What you are asked to do: Pictures must not appear in the copy. Restate exactly the lines below from the one with "Стоит отметить, что" through the one with "Give your new", inclusive.

Input data:
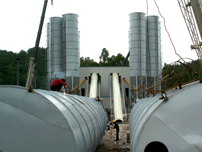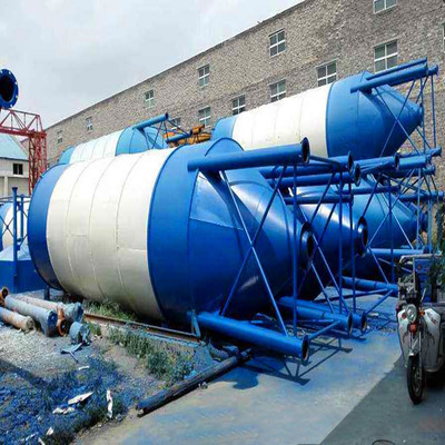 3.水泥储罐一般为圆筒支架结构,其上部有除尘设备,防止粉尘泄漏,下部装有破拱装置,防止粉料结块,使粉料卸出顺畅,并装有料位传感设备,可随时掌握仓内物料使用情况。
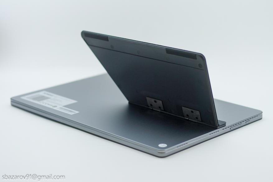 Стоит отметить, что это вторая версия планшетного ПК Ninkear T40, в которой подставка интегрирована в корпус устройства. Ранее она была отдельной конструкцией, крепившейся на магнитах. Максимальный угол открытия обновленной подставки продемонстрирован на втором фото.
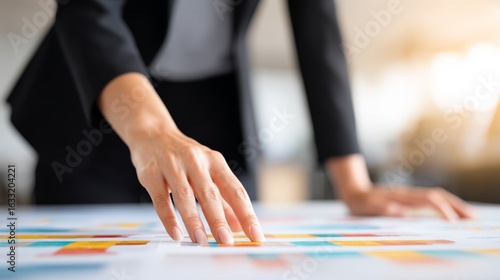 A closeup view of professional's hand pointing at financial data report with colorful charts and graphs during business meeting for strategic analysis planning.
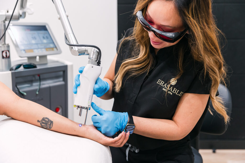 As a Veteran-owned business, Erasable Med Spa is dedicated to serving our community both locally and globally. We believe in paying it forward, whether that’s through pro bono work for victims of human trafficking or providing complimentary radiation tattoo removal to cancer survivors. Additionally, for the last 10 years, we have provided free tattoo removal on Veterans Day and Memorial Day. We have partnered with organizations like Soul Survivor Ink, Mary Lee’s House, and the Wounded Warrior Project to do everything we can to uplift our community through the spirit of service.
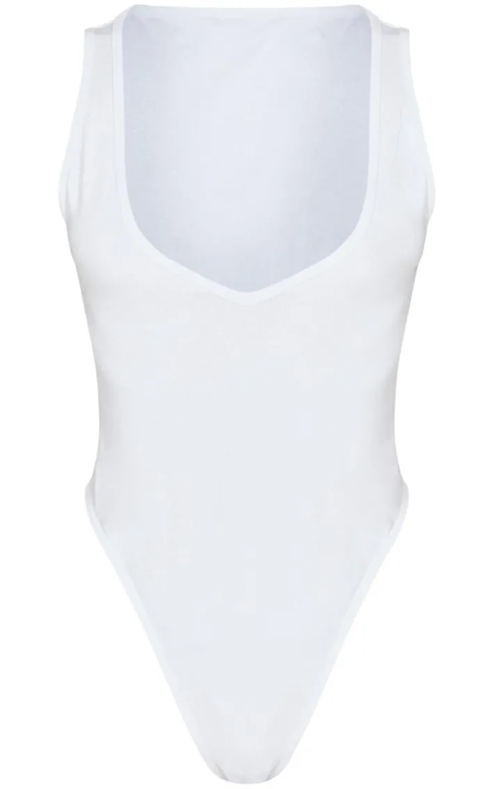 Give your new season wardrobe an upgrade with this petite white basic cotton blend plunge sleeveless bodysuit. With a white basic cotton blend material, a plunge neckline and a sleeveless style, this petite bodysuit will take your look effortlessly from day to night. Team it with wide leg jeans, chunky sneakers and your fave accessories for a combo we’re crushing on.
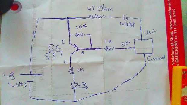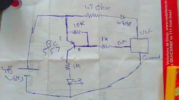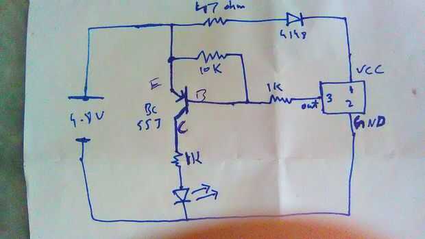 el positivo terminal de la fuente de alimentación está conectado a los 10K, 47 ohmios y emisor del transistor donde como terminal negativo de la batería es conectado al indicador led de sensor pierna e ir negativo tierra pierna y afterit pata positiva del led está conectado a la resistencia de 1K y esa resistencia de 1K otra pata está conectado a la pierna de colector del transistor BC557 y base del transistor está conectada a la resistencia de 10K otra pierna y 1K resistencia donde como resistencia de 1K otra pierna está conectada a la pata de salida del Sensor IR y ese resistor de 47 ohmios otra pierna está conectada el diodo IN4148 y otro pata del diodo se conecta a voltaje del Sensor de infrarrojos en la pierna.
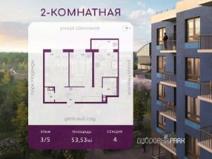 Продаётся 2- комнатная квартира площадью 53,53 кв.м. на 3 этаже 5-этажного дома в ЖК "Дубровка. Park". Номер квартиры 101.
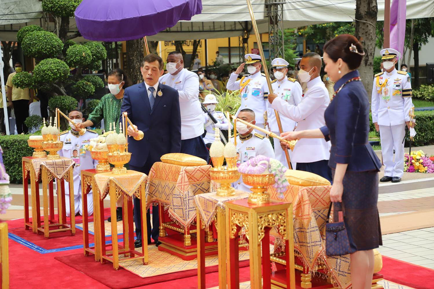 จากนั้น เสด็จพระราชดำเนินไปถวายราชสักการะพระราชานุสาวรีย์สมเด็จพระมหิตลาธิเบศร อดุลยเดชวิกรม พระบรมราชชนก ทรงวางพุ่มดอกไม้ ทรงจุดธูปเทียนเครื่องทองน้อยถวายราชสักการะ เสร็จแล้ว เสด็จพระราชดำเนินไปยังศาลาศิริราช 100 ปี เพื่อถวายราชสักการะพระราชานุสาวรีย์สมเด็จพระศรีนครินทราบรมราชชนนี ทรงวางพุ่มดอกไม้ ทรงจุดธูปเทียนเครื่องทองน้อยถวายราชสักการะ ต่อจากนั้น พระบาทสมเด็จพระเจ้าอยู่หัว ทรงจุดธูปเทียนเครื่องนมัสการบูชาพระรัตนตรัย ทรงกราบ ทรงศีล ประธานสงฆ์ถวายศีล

Answer space:
 Стоит отметить, что это вторая версия планшетного ПК Ninkear T40, в которой подставка интегрирована в корпус устройства. Ранее она была отдельной конструкцией, крепившейся на магнитах. Максимальный угол открытия обновленной подставки продемонстрирован на втором фото.
 A closeup view of professional's hand pointing at financial data report with colorful charts and graphs during business meeting for strategic analysis planning.
 As a Veteran-owned business, Erasable Med Spa is dedicated to serving our community both locally and globally. We believe in paying it forward, whether that’s through pro bono work for victims of human trafficking or providing complimentary radiation tattoo removal to cancer survivors. Additionally, for the last 10 years, we have provided free tattoo removal on Veterans Day and Memorial Day. We have partnered with organizations like Soul Survivor Ink, Mary Lee’s House, and the Wounded Warrior Project to do everything we can to uplift our community through the spirit of service.
 Give your new season wardrobe an upgrade with this petite white basic cotton blend plunge sleeveless bodysuit. With a white basic cotton blend material, a plunge neckline and a sleeveless style, this petite bodysuit will take your look effortlessly from day to night. Team it with wide leg jeans, chunky sneakers and your fave accessories for a combo we’re crushing on.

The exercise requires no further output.